I found it really hard to articulate this problem, but it is a similar problem to this one.
For example, let's say I have a table like this:
| Label | Value |
|---|---|
| A | 1 |
| B | 2 |
| C | Nan |
| D | Nan |
| E | Nan |
| F | 12 |
It needs to look like this:
| Label | Value |
|---|---|
| A | 1 |
| B | 2 |
| C | 3 |
| D | 3 |
| E | 3 |
| F | 3 |
Used the next available value (12) and divided it by the number of Nan values + 1 (12/4) = 3 and replaced the Nan values AND the original value used to interpolate(12) by 3. It is similar to the previous question but also modifies the original value used for interpolation.
test = pd.DataFrame({'Label': ['A', 'B', 'C', 'D', 'E', 'F','G','H','I'],
'Value': [1, 2, None, None, None, 12,None,None,4]})
test['break'] = np.where(test['Value'].notnull(),1,0)
test['group'] = test['break'].shift().fillna(0).cumsum()
test['Value2'] = test.groupby('group').Value.apply(lambda x: x.fillna( x.max() / len(x)))
for row in range(0,test.shape[0]):
if test['break'].iloc[row] == 0 and test['break'].iloc[row+1] == 1:
test.at[row+1, 'Value2'] = test['Value2'].iloc[row]
df.interpolate() is not capable of doing this, and this is what I have so far.
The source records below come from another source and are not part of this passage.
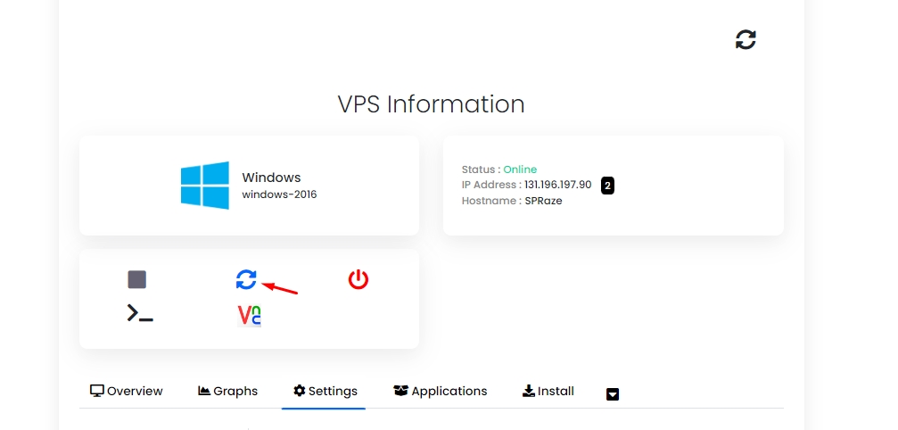 4. Após isso, reinicie sua VPS. Aguarde a reinicialização. E pronto, sua senha foi alterada. Qualquer problema, contate o suporte.
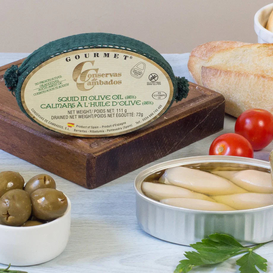 These super tender tiny squid make a great ‘tapa’. Simply place the can in hot water for 5 minutes and serve with crusty bread and a glass of Albarino.
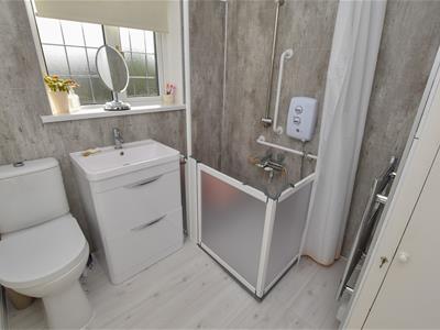 The shower has been updated and offers a contemporary white suite with WC, wash basin and shower enclosure. Built in cupboard which provides storage and hot water tank.
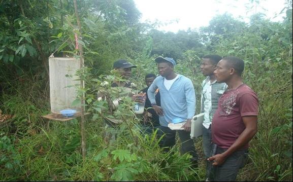 Grel partner KNUST to conduct research in Awudua forest – Team inspecting a butterfly trap
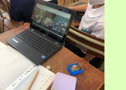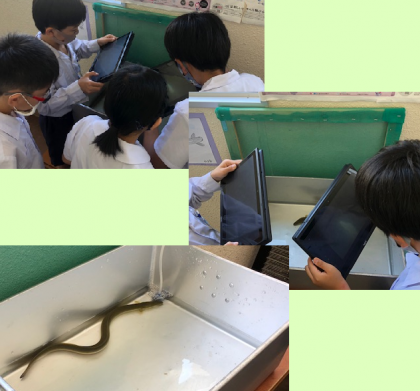 一人の画面は、とてもきれいなアジサイの花が並んでいました。教室の外では、廊下にある何かをタブレットを使って写真を撮っています。見ると、ウナギ。
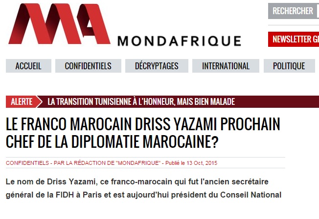 و أشارت صحيفة "موند أفريك" الفرنسية أن فؤاد عالي الهمة الذي كان يشرف شخصيا على سير عمل "هيئة الانصاف والمصالحة" الى جانب يساريي القصر بينهم اليزمي، بنزكري، العماري و الصبار، يدعم بشكل قوي اليزمي لخلافة مزواز على رأس وزارة الخارجية.

It gets the job done, but is not very elegant
Perhaps something like this?
test = pd.DataFrame({'Label': ['A', 'B', 'C', 'D', 'E', 'F','G','H','I'],
'Value': [1, 2, None, None, None, 12,None,None,4]})
tr = test.assign(
g=(~test['Value'].isna())[::-1].cumsum()
).groupby('g')['Value'].transform
df = test.assign(Value=tr('last') / tr('size'))
>>> df
Label Value
0 A 1.000000
1 B 2.000000
2 C 3.000000
3 D 3.000000
4 E 3.000000
5 F 3.000000
6 G 1.333333
7 H 1.333333
8 I 1.333333
With the .assign(g=...) we make groups of values that end with a non-NaN values and preceded by zero or more NaN:
>>> test.assign(
... g=(~test['Value'].isna())[::-1].cumsum()
... )
Label Value g
0 A 1.0 4
1 B 2.0 3
2 C NaN 2
3 D NaN 2
4 E NaN 2
5 F 12.0 2
6 G NaN 1
7 H NaN 1
8 I 4.0 1
Then, we use .groupby('g')['Values'].transform twice: to get the last() value, and to divide it by the size() of the group.